Хоббс была готова к этому вопросу.
– Сэр, «разбор состоявшегося сражения не менее важен, чем разбор грядущего». Сэр.
– Не «сражения», а «баталии», – поправил Зай. Наверное, он предпочитал более ранний перевод. Но вроде бы порадовался – как радовался всегда, когда Хоббс цитировала древнюю военную сагу анонимного автора, числящегося под номером сто шестьдесят семь. Капитан даже ухитрился улыбнуться – впервые с момента гибели Императрицы. Однако его улыбка тут же стала горькой.
– Хоббс, у меня в руке – в некотором роде «клинок ошибки».
Он разжал кулак. На ладони у него лежал маленький черный квадратик. Одноразовый программируемый пульт управления.
– Капитан?
– Малоизвестный факт: возвышенный имеет право выбрать любую разновидность «клинка». Вспомните, к примеру, Рикарда Тэша и вулкан.

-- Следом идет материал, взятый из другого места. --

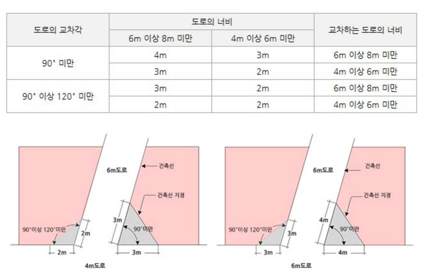 1. 교차각 90°이상이면 2m(교차 도로가 둘 다 6m이상이면 3m)

Хоббс нахмурилась, припомнив древнее предание. Одна из первых Ошибок Крови – сражение, проигранное во времена объединения Родины. Она никогда не задумывалась о том, почему Тэш избрал для себя такое необычное самоубийство. Перспектива заживо свариться в кипящей лаве не казалась столь уж заманчивой.
– Сэр? Я не уверена…
– Этот пульт дистанционного управления запрограммирован на приведение всего вооружения «Рыси» в состояние боевой готовности в обход всех ограничений, – объяснил Зай и повертел пультик в руке, будто миниатюрный шокер. – На самом деле – стандартная последовательность команд. Очень удобно при блокаде.
Хоббс прикусила губу. Может быть, она чего-то недопонимала?
– Но капитанский блистер не относится к боевой конфигурации «Рыси» – правильно я говорю, Хоббс?
У Кэтри Хоббс снова закружилась голова, будто корабельная система гравитации неожиданно сработала в диаметрально противоположном направлении. Она закрыла глаза, стараясь удержаться на ногах, и принялась проговаривать в уме последовательность включения боевой тревоги: снятие пломб со стволов орудий, ручное оружие – на предохранители, энергетический отсек – готовность к расходованию всех резервов, а еще – выкачивание атмосферы из всех временных, чувствительных к ускорению отсеков – таких, как этот блистер. Конечно, существовали ограничители режима боевой тревоги, но их можно было обойти.
Хоббс казалось, что она падает, кувыркается в пространстве с этим человеком, стоящим на пороге смерти.
Когда она открыла глаза, оказалось, что Зай шагнул к ней. Он заботливо смотрел на своего помощника.
– Прости, Кэтри, – негромко проговорил он. – Но ты должна была знать. Когда придет время, командование на себя возьмешь ты. И никаких попыток спасения, понятно? Не хочу очнуться в камере автомедика с лопнувшими глазными яблоками.
– Конечно, сэр, – выдавила Хоббс. Голос ее прозвучал хрипловато, словно она вдруг простудилась. Она сглотнула подступивший к горлу ком и попыталась не думать о том, как будет выглядеть лицо капитана после декомпрессии. Такое превращение попросту не могло произойти. Она непременно должна была спасти его.
Зай прошел мимо Хоббс, шагнул в открытый люк шлюзовой камеры – с черного звездного поля на прочный металл. Хоббс вошла в люк следом за ним и включила механизм задраивания люка.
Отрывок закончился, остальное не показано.